Native ligand as a control.

In addition, for further consideration, binding similarities were calculated and recorded in Table 2. Based on the results, glyasperin A, broussoflavonol F, sulabiroins A, (2S)-5,7-dihydroxy-4′-methoxy-8-prenylflavanone, and isorhamnetin bound to ACE-2 with the similarity of 77%, 23%, 38%, 46%, and 85%, respectively. As can be seen, only 2 out of 6 compounds that generate binding similarity with the value of greater than 50%. The binding similarity may illustrate the potency of a compound to have the same inhibitory pathway as the potent inhibitor.

Table 2

Interaction profiles between ACE-2 and test ligands.
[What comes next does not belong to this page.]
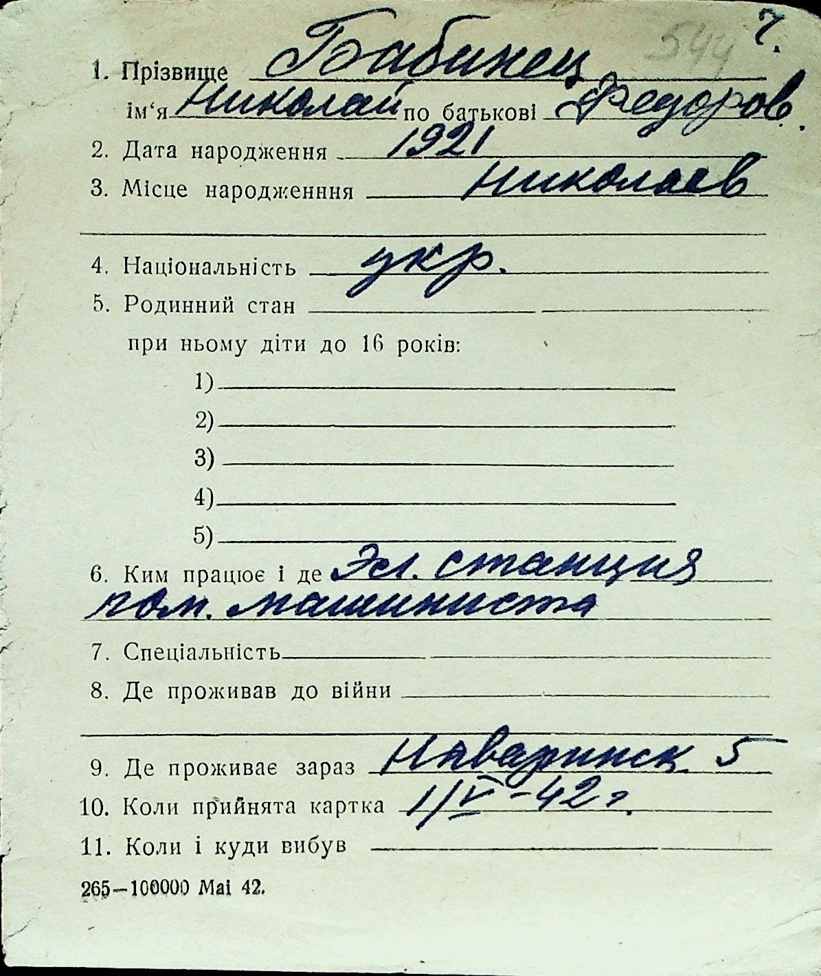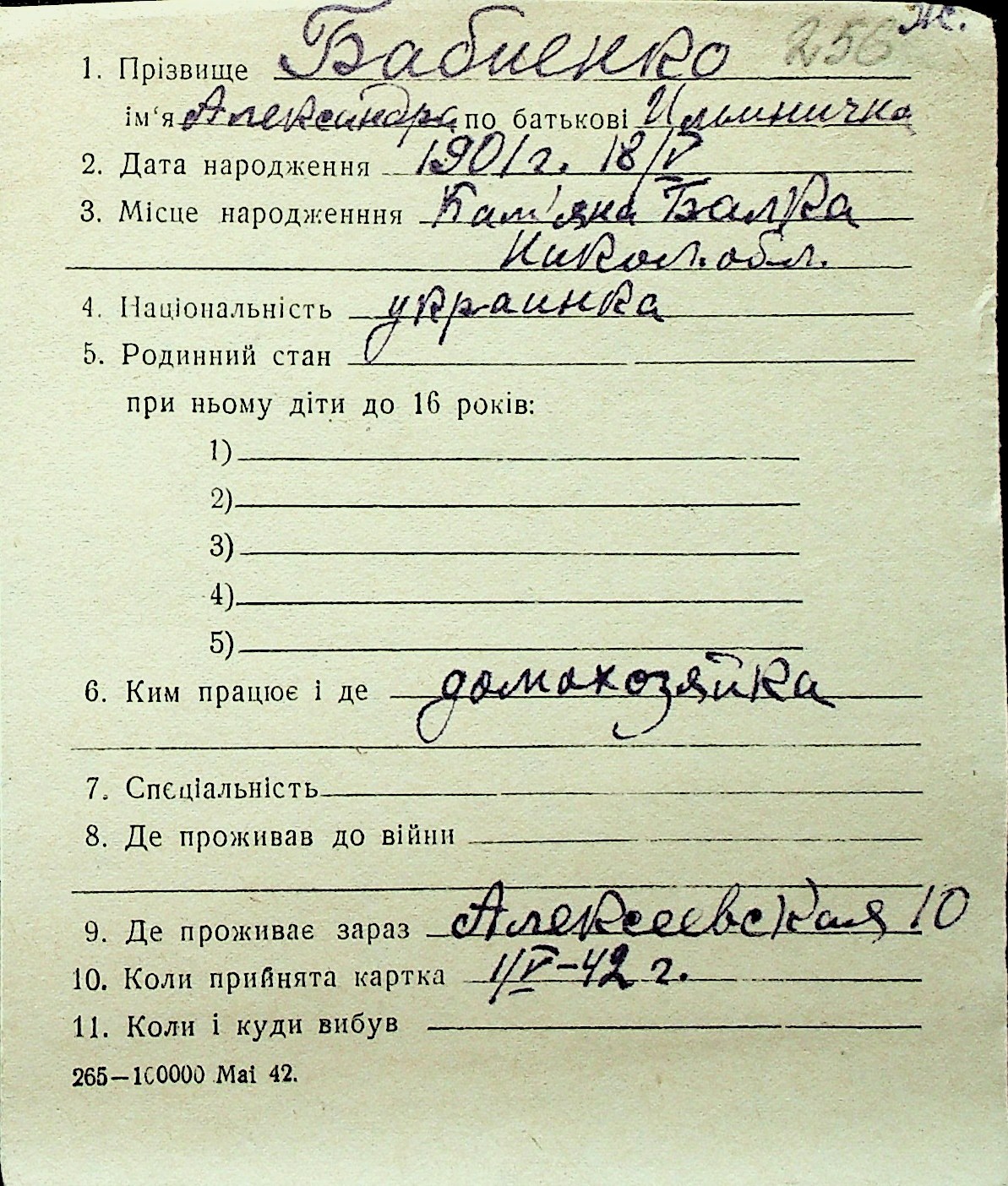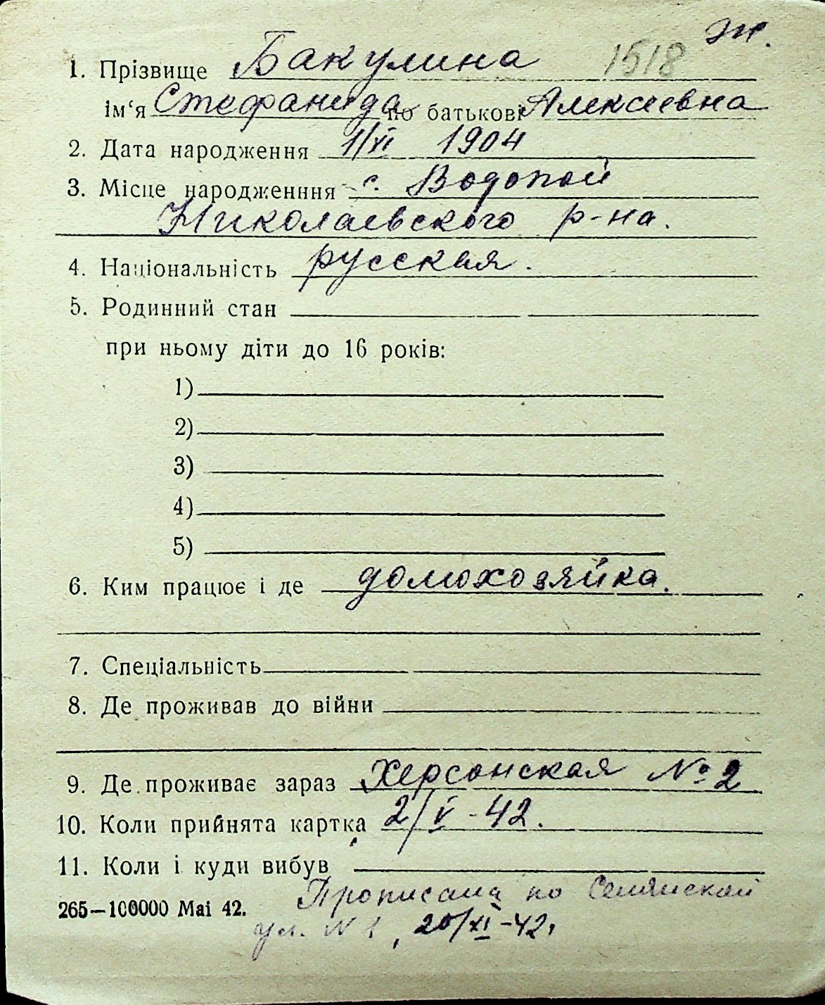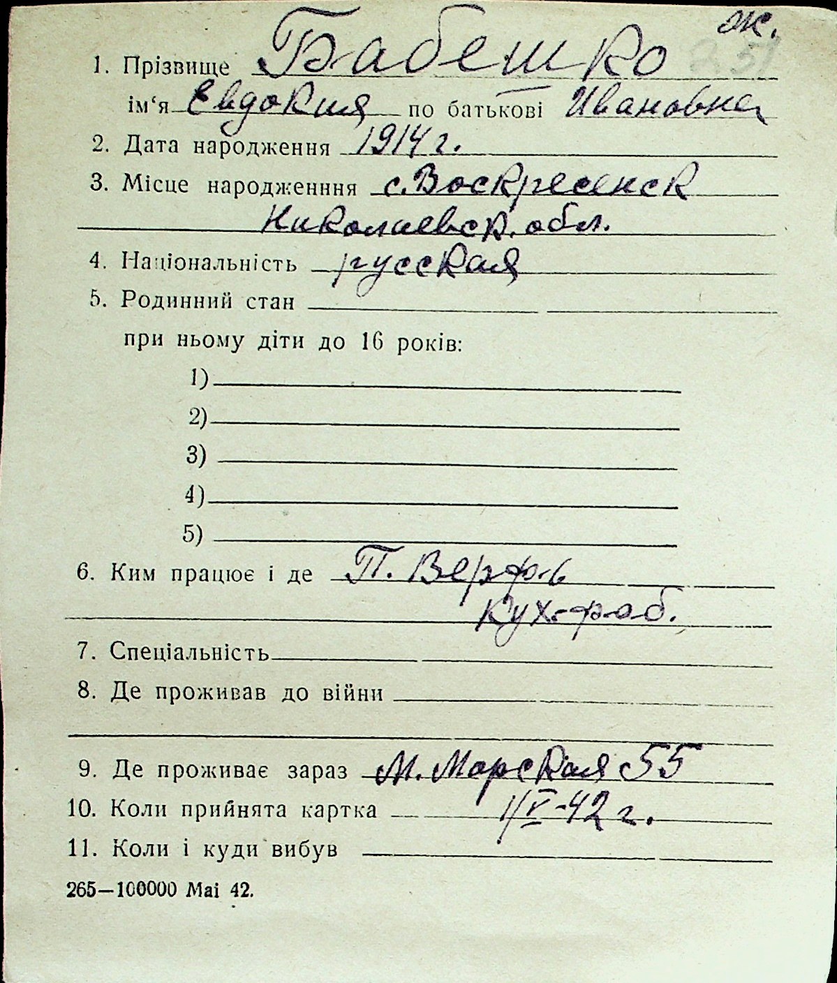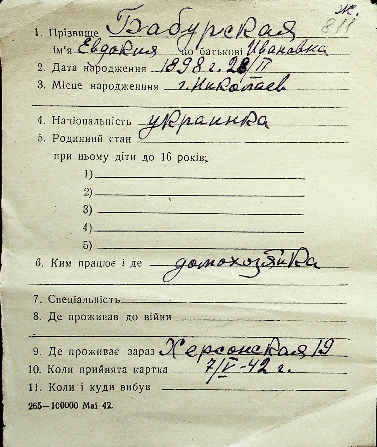 ◦ ◦ Перелік карток на осіб, які мешкали у м. Миколаїв у період окупації 1941–1944 років

No.	Compounds	Hydrogen bonds	Hydrophobic interactions	Number of interactions	Binding similarity
1	*MLN-4760	Arg273, His345, Pro346, His374, His378, His505	Thr347, Thr371, Glu375, Glu402, Phe504, Tyr510, Tyr515	13	100%
2	Glyasperin A	Pro346, His374, Glu402, Thr445, Tyr515, Arg518	Asp269, Thr276, Phe274, His345, Asp367, Thr371, Glu375, Phe504, His505, Tyr510, Arg514	17	77%
3	Broussoflavonol F	Tyr127, His345, Lys363	Glu145, Asn149, Ala153, Gly268, Asp269, Trp271, Arg273, Phe274, Thr276, Asn277, Cys344, Asp367, Thr371, Thr445	17	23%
4	Sulabiroins A	Thr445	Asp269, Trp271, Arg273, Phe274, Thr276, His345, Pro346, Asp367, Thr371, Glu375	11	38%
5	(2S)-5,7-dihydroxy-4′-methoxy-8-prenylflavanone	Pro346, Asp367, Arg518	Trp271, Arg273, Phe274, Thr276, His345, Thr371, His374, Glu375, Thr445	12	46%
6	Isorhamnetin	Ala348, Thr371, Glu402, Arg518	His345, Pro346, Thr347, His374, Glu375, His378, Phe504, Tyr510, Tyr515	13	85%

Native ligand as a control.

Conclusion

In conclusion, considering the docking scores and the existence of interactions with five targeted sites, five propolis compounds, namely glyasperin A, broussoflavonol F, sulabiroins A, (2S)-5,7-dihydroxy-4′-methoxy-8-prenylflavanone, and isorhamnetin are potential to inhibit the binding of ACE-2 and SARS-CoV-2, with the docking score of −10.8, −9.9, −9.5, −9.3 and −9.2 kcal/mol respectively. However, by taking into account the value of binding similarity, two compounds are considered to be the most potential. These compounds are isorhamnetin and glyasperin A, with the binding similarity values of 85% and 77% accordingly. Molecular dynamics simulation involving both ACE-2 and SARS-CoV-2 with each selected propolis compounds should be conducted to confirm whether the alter of ACE-2 conformation caused by each selected propolis compounds may inhibit SARS-CoV-2 to bind to the protein.

Declaration of Competing Interest

The authors declare that they have no known competing financial interests or personal relationships that could have appeared to influence the work reported in this paper.